Not every woman is doing a great job, Schlafly said. She said the photograph of England holding a leash attached to the neck of an Iraqi prisoner appalled her. "This later picture is a feminist fantasy," she said. "That's how feminists think about men."
Good and bad
Retired Navy Capt. Lory Manning, director of the Women in the Military Project, said the photographs have nothing to do with gender. They show only that women are capable of making the same mistakes as men.
"We are seeing women POWs, women with their legs blown off, women who are heroes," Manning said. "And we're also seeing the dark side of it. . . . The pictures themselves are horrific. You think, 'Oh, my God, how is this going to be translated?' "
The fact that England is a woman helped inflame the Arab world, where the sight of men being humiliated by women is anathema, Donnelly said.

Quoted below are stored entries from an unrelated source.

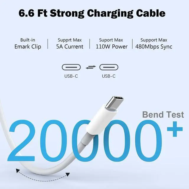 Durable: Each of chargers has built-in IC chip technology that provides protection from short-circuits and over-heating. The usb c cord passes BW-TC17 test and 20000+ times bending test. Ensure charging safety and provide a longer service life ^^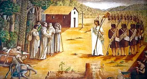 The Juan Santos Rebellion was an Indigenous uprising against the Spanish Empire in Colonial Peru that took place from 1742 to 1752.[1] The rebellion was led by and named after Juan Santos Atahualpa, an Indigenous man from Cusco. Juan Santos had worked as an assistant to Spanish Franciscan missionaries in the Yungas region, and over time he became outraged at the abuses committed by the Spanish missionaries against the local Asháninka tribe, which led him to plan a rebellion against the Spaniards. Juan Santos declared himself to be the reincarnation of Inca emperor Atahualpa, and he managed to gather a large following among the Asháninkas.[2]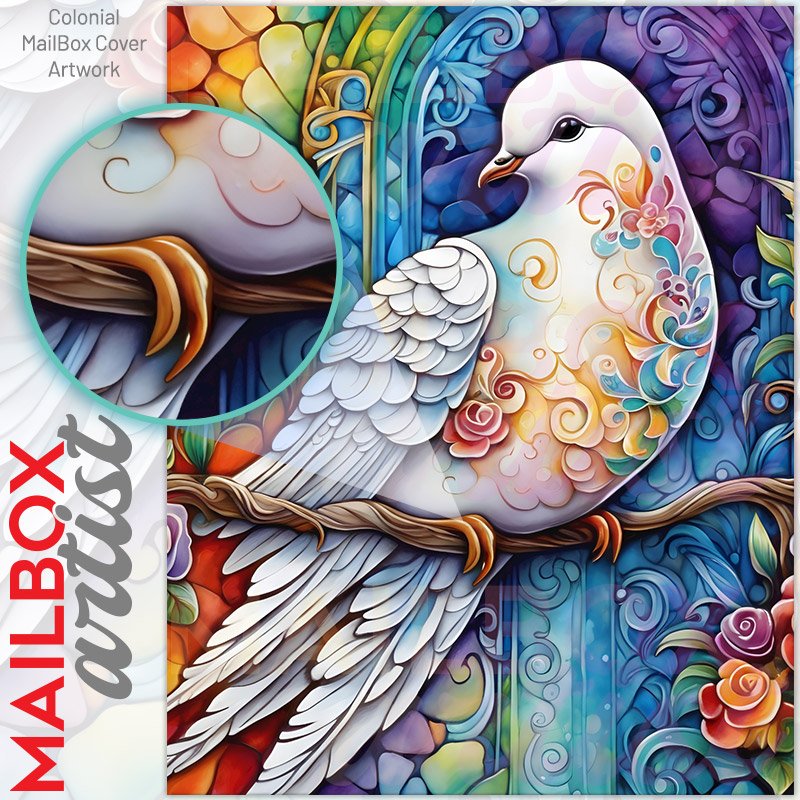 With this Beautiful White Dove 4 colonial mailbox cover it’s pretty easy to convert your mailbox to a special and unique item. These covers require a flat surface, so they work with colonial mailboxes that do not have any embossed decoration or signs. Magnetic mailbox covers work with steel colonial boxes only, while self-adhesive vinyl covers are available for aluminum, plastic and steel boxes. We also offer both self-adhesive and magnetic covers with regular opaque white vinyl or reflective vinyl, which works similarly to license plates or road signs. The reflective option makes the entire cover’s surface reflective, ensuring visibility at night. In case your mailbox doesn’t work with these covers, you can purchase the preinstalled cover on a brand new mailbox as well. Also, you can create your custom colonial mailbox cover using you own pictures, adding your name, street number, etc.
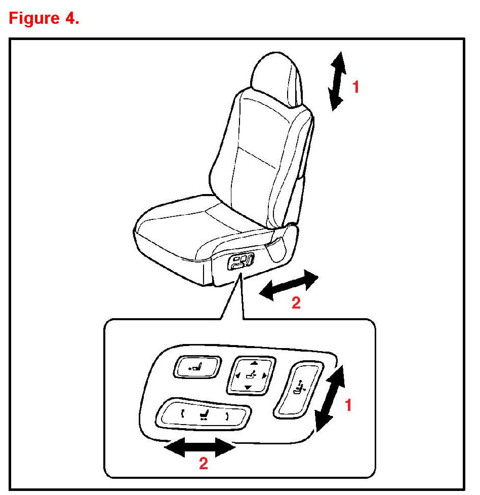7. Operate the seat position control switch and check that the seat slides forward and rearward and that the beep is NOT heard. (Refer to 2 in figure 4.)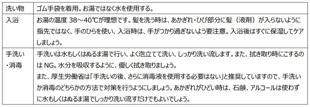 水回りでは、あかぎれ対策を意識することが大切です。各シーンでは以下のポイントに気を付けると良いでしょう。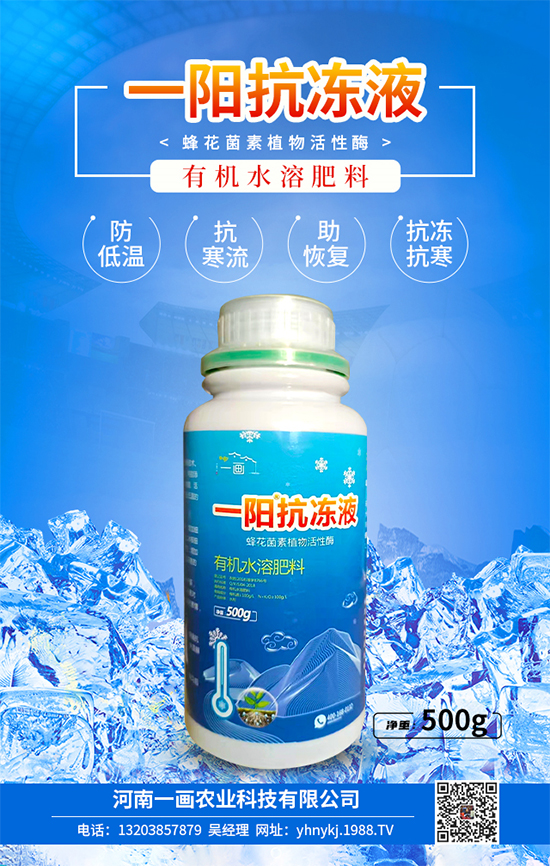 作物防凍施肥建議選擇河南一畫農(nóng)業(yè)科技有限公司【有機(jī)水溶肥料-一陽抗凍液】本品是經(jīng)微生物發(fā)酵濃縮而成的有機(jī)水溶肥料,大部分營(yíng)養(yǎng)成分為菌體代謝產(chǎn)物,能有效提高作物品質(zhì),增加作物產(chǎn)量,是發(fā)展無公害綠色農(nóng)業(yè)的理想產(chǎn)品。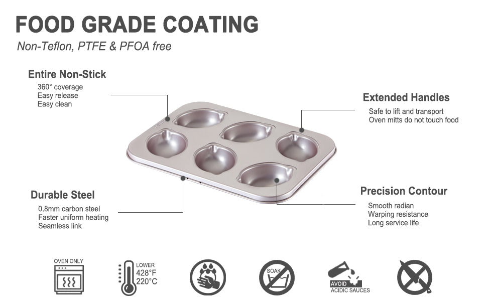 Coating: Food Grade Silicone (Non-Teflon, LEAD/PTFE/PFOA/APEO-Free)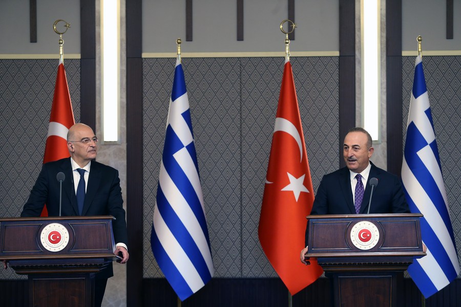 Turkish Foreign Minister Mevlut Cavusoglu (R) and Greek Foreign Minister Nikos Dendias attend a joint press conference in Ankara, Turkey, on April 15, 2021. (Photo by Mustafa Kaya/Xinhua)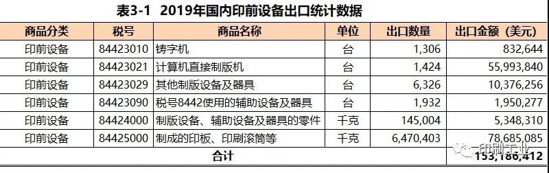 表2-8提供了2019年國內進口前十位的印刷設備、印刷器材商品目錄及進口值。這些商品的進口值占同期印刷裝備、器材進口總值的80%。與2018年相比,2019年這10種商品中的7種商品進口值出現下降,直接拉低了國內印刷裝備、器材進口的整體增長態(tài)勢。究其導致進口下降的原因有二:(1)國內印刷市場需求下降由于國內宏觀經濟增長速度趨緩,印刷行業(yè)低速運營的狀態(tài)。加上環(huán)保治理的壓力,印刷行業(yè)兩極分化嚴重。而互聯網對零散訂單的聚集作用,進一步加劇了企業(yè)間的分化。2019年國內規(guī)模以上印刷企業(yè)營業(yè)收入同比增長速度僅有1.6%,就是上述情況的綜合反映。考慮到當年的價格變動因素,國內印刷行業(yè)的整體規(guī)模實際處于零增長或萎縮的局面。在如此困難的經營環(huán)境下,進口設備的需求主要來自大型包裝印刷企業(yè)和依靠互聯網聚合市場存量的商業(yè)印刷企業(yè)。前者購置設備目的以提升效率為主、擴大產能為輔,而后者雖以擴大產能購買進口設備,但由于新的市場需求不足,現有存量市場的整合空間有限,影響這些商業(yè)印刷企業(yè)的經營模式的快速復制,其持續(xù)拉動進口設備的增長的能力不足。(2)“世界工廠”產能轉移2019年數字印刷設備零配件進口4.41億美元,占國內印刷裝備、器材進口總值的18%。其中,大部分零配件是以“來料加工”的貿易方式進口,在國內組裝成品或完成配套、然后再出口的。近兩年,由于國內勞動力成本快速提升和中美貿易摩擦的影響,國內相關行業(yè)的產能逐漸向外轉移,進而導致國內數字印刷設備及其零配件的進口規(guī)模出現萎縮。另外,國內進口印刷油墨主要用于出口商品包裝和國內高端印刷品的印刷,其進口數量受國內市場和產能轉移的共同影響出現下降。2019年國內印刷裝備、器材出口商品構成2019年國內印刷裝備、器材出口總值32.41億美元。其中,印刷裝備出口24.59億美元(占國內印刷裝備、器材出口總值的76%)、印刷器材出口7.81億美元(占國內印刷裝備、器材出口總值的24%)。印刷裝備出口值中,印前設備1.53億美元、印刷設備14.60億美元、印后設備8.46億美元。三者占印刷裝備進口值的百分比分別為6%、59%和25%。1.印前設備出口2019年國內印前設備出口1.53億美元(參見 表3-1)。其中,鑄字機出口83萬美元(1306臺)、計算機直接制版機出口5599萬美元(1424臺)、其他制版機出口1038萬美元(6326臺)、制版輔助設備195萬美元(1932臺)、制版設備及輔助設備零件535萬美元、制成印版、滾筒及其他印刷部件進口7868萬美元。計算機制版機和制成印版、滾筒及其他印刷部件占印前設備全年出口值的88%。

Sgt. Susan Sonnheim, who was wounded when a bomb detonated in Baghdad and threw her 10 feet into the air, said women are as prepared as men to take their place in the ranks. "We did the same training as men," said Sonnheim, 45, of Franklin, Wis., who served with Michelle Witmer in the 32nd Military Police Company before she was sent to Walter Reed Army Medical Center in the District. "If you can't pull your weight, you wouldn't be there. I had a heavy backpack. A heavy ammo belt. It weighed more than me. But I did it."

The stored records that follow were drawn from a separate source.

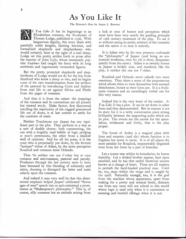 Description | Director's Note: As You Like It. |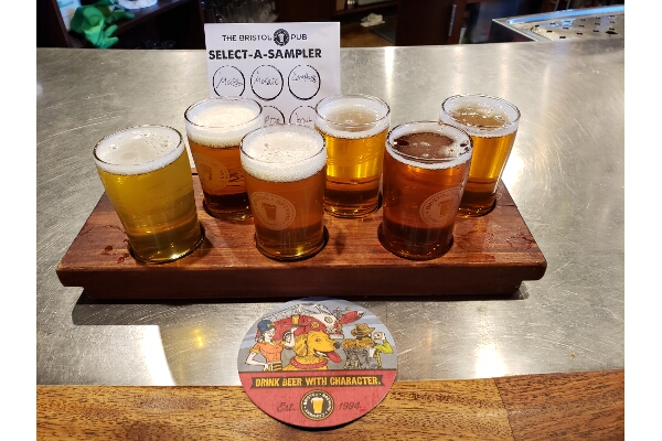 Our next stop was Bristol Brewing Company. It was located at an old elementary school converted into retail and restaurant space. What a neat concept, and apparently, very popular too. It was super busy. We scored two seats at the bar. I ordered a flight and we picked a few items off the menu to snack on.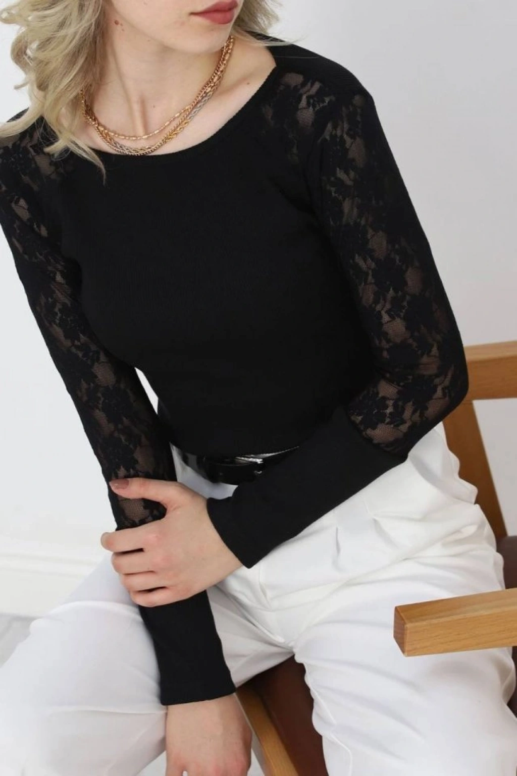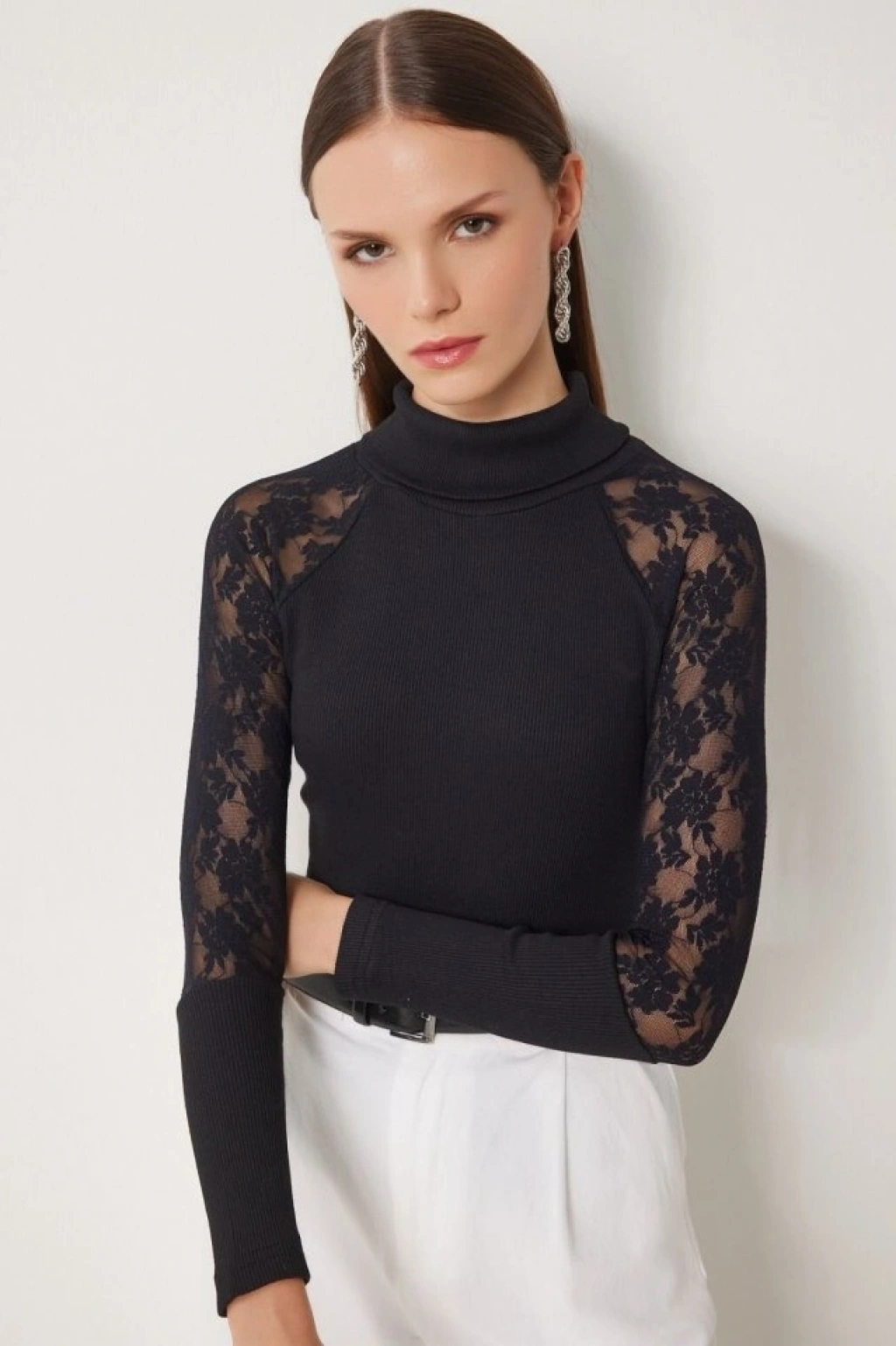 Kadın Balıkçı Yaka Kolları Tül Manşet Detay Kaşkorse Kazak

"I'm sure they're saying that because women never really encountered combat, and now that they are, it's hard for them to fathom," Sonnheim said. "But they're fighting, and they're dying."
Supporters and opponents of placing women in "at-risk" jobs agree on at least one thing: Women do have a place in a volunteer military. Whenever American men have marched to war, women followed, according to a thumbnail history compiled by the Defense Department.
History of women at war
Margaret Corbin took charge of a cannon after her husband fell in the Revolutionary War. Two years later, in 1778, Deborah Samson disguised herself as a man, enlisted in the Continental Army, and was twice wounded in combat. Both women were awarded military pensions.
Women fought in the War of 1812, the Civil War and the Spanish-American War. At least 36,000 women served in World War I, and 400,000 took part in World War II. In the Pacific Theater, 458 women died and 80 nurses were prisoners of war.
Spec. Tyanna Avery-Felder had been afraid to go to Iraq, but she toughed it out, said her father, Ray Avery. She seemed safe behind the front lines, working as a cook and a helper in the mess hall. But her convoy was hit by an improvised explosive device on April 7, the Army said, and she died at 22.
"I couldn't really believe it," Avery said. "She was nine days from coming home."
Sometimes, he said in a breaking voice, "I feel that females shouldn't be in that situation, shouldn't be in combat. They're capable. People who haven't been put in this situation don't know how really painful it is to lose someone, whether it's a son or daughter."
Lori Witmer, mother of Michelle, said she believes that losing a daughter is harder than losing a son, but that she would never have intervened in Michelle's decision to serve.
Isela Rubalcava was the only daughter in her family. As her body arrived at El Paso International Airport last week, Marrufo led the family in prayers. "She is the first woman from El Paso that had died in combat," Marrufo said. "I think she's unique in that sense."
Researcher Madonna Lebling contributed to this report.